ACTIVITY
Start the copy at the line holding "Het draaide tussen" and continue it exactly through the last line of the entries, leaving out pictures and anything else.

------------------------------

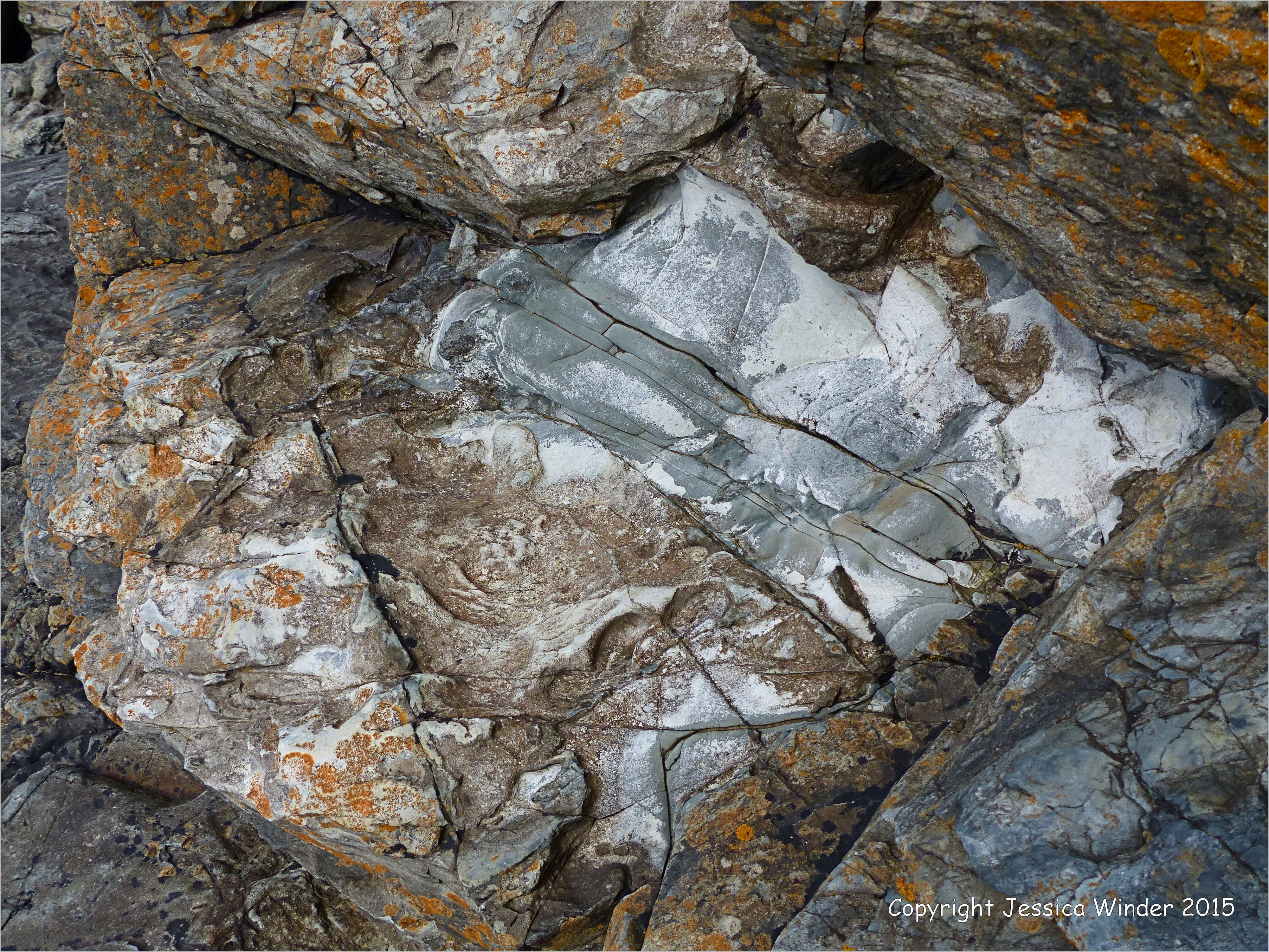 Porthmeor Rocks 38 – Natural colour, pattern, and texture in metamorphosed igneous intrusive rock dating from the Devonian Period on the west side of “The Island” (St Ives Head) on the east side of Porthmeor Beach at St Ives in Cornwall, England.
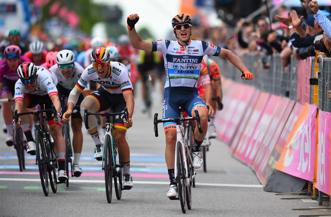 Het draaide tussen de drie op een sprint uit. Denz, die eerder aanviel, ging als eerste aan. Cima nam over en trok stevig door, terwijl Maestri en Denz door de sprintende meute werden voorbijgesneld. Cima wist als enige uit de greep van Ackermann te blijven en won op grootse wijze de achttiende etappe. Ackermann eindigde als tweede, maar doordat Démare slechts achtste werd is hij wel de nieuwe drager van de paarse puntentrui. Uitslag 18e etappe Giro d’Italia:1. Damiano Cima (Nippo Vini Fantini) 4:56:04 uur
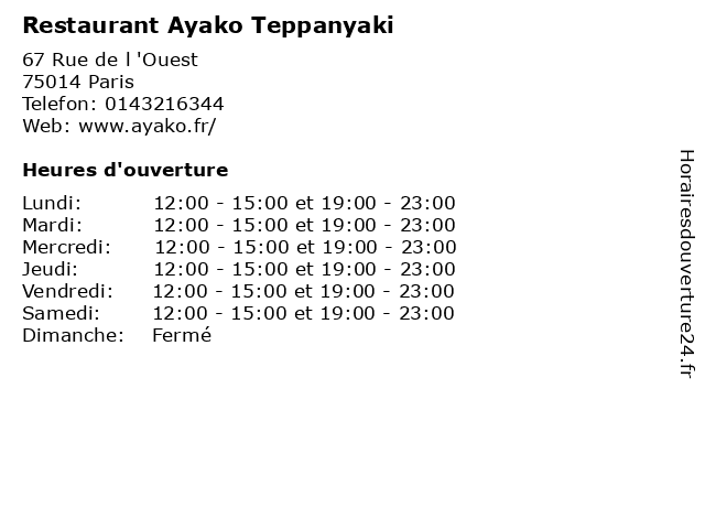 | Vendredi | 12:00-15:00 et 19:00-23:00 |
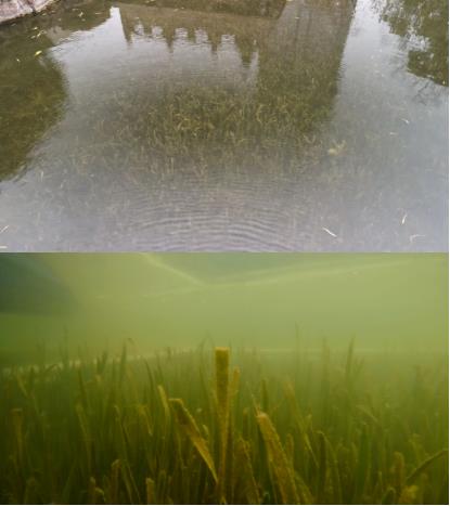 ▲治理區(qū)水體通透,水下水草茂盛Dxk新型光催化網(wǎng)_水庫治理_河道治理_水生態(tài)修復(fù)_水環(huán)境治理與修復(fù)_江蘇雙良環(huán)境科技有限公司
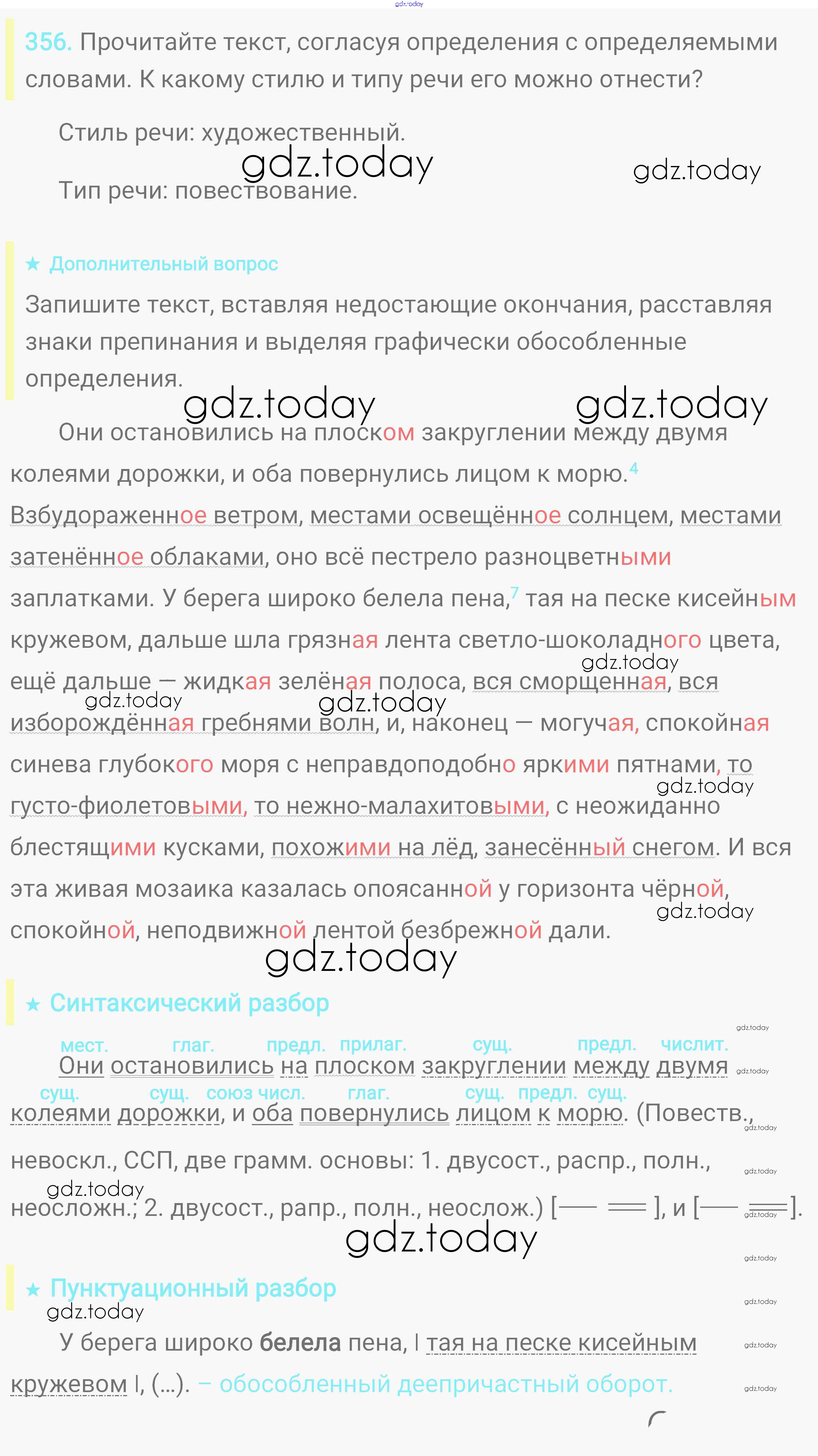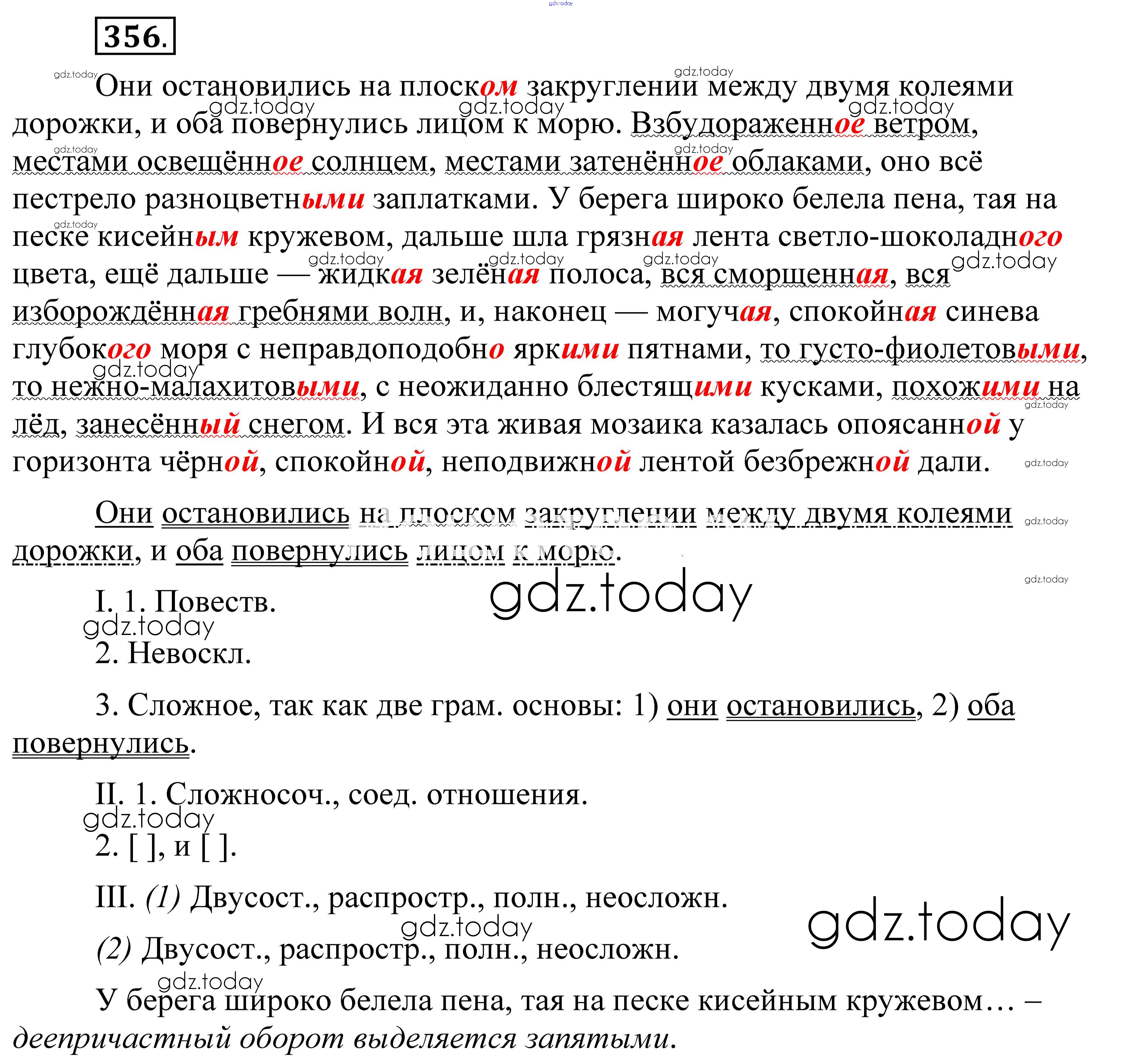 На страницах сайта gdz.today вы найдете учебный и вспомогательный материал, направленный на улучшения знаний школьной программы. ГДЗ - онлайн мир знаний Решение. Упражнения 356 Практике по Русскому языку для 8 класса Пичугов, Еремеева Дрофа, Дрофа Вертикаль 2016, 2022

------------------------------

WRITTEN RESPONSE
 Het draaide tussen de drie op een sprint uit. Denz, die eerder aanviel, ging als eerste aan. Cima nam over en trok stevig door, terwijl Maestri en Denz door de sprintende meute werden voorbijgesneld. Cima wist als enige uit de greep van Ackermann te blijven en won op grootse wijze de achttiende etappe. Ackermann eindigde als tweede, maar doordat Démare slechts achtste werd is hij wel de nieuwe drager van de paarse puntentrui. Uitslag 18e etappe Giro d’Italia:1. Damiano Cima (Nippo Vini Fantini) 4:56:04 uur
 | Vendredi | 12:00-15:00 et 19:00-23:00 |
 ▲治理區(qū)水體通透,水下水草茂盛Dxk新型光催化網(wǎng)_水庫治理_河道治理_水生態(tài)修復(fù)_水環(huán)境治理與修復(fù)_江蘇雙良環(huán)境科技有限公司
 На страницах сайта gdz.today вы найдете учебный и вспомогательный материал, направленный на улучшения знаний школьной программы. ГДЗ - онлайн мир знаний Решение. Упражнения 356 Практике по Русскому языку для 8 класса Пичугов, Еремеева Дрофа, Дрофа Вертикаль 2016, 2022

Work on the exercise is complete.